WORK REQUEST
When you copy from the entries that follow, take only the lines from the one with "Un oficial abrió" down to the one with "V začetku oktobra", keeping both ends and dropping every picture.

THE RECORDS
********************

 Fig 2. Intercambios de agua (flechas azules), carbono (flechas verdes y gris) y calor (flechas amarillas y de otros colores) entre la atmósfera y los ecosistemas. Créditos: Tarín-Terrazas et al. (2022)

********************

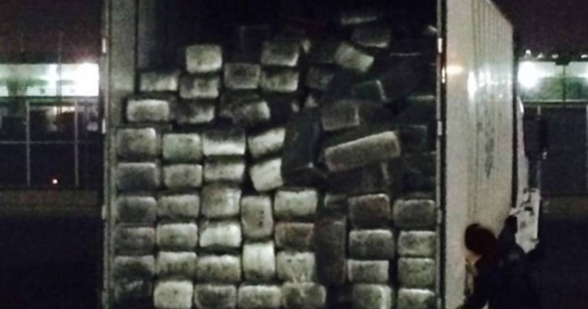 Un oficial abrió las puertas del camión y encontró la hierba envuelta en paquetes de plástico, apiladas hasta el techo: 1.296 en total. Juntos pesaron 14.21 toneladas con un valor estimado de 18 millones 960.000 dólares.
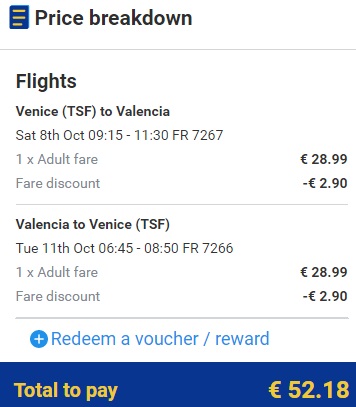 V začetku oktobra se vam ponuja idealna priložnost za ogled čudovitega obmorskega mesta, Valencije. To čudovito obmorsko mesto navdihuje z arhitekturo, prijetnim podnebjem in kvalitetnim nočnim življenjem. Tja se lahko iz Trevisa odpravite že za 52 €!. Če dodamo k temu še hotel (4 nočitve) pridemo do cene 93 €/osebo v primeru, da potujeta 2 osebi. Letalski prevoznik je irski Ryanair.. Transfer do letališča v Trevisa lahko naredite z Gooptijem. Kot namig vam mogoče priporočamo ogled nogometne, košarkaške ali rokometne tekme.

********************

FINISHED EXERCISE
 Un oficial abrió las puertas del camión y encontró la hierba envuelta en paquetes de plástico, apiladas hasta el techo: 1.296 en total. Juntos pesaron 14.21 toneladas con un valor estimado de 18 millones 960.000 dólares.
 V začetku oktobra se vam ponuja idealna priložnost za ogled čudovitega obmorskega mesta, Valencije. To čudovito obmorsko mesto navdihuje z arhitekturo, prijetnim podnebjem in kvalitetnim nočnim življenjem. Tja se lahko iz Trevisa odpravite že za 52 €!. Če dodamo k temu še hotel (4 nočitve) pridemo do cene 93 €/osebo v primeru, da potujeta 2 osebi. Letalski prevoznik je irski Ryanair.. Transfer do letališča v Trevisa lahko naredite z Gooptijem. Kot namig vam mogoče priporočamo ogled nogometne, košarkaške ali rokometne tekme.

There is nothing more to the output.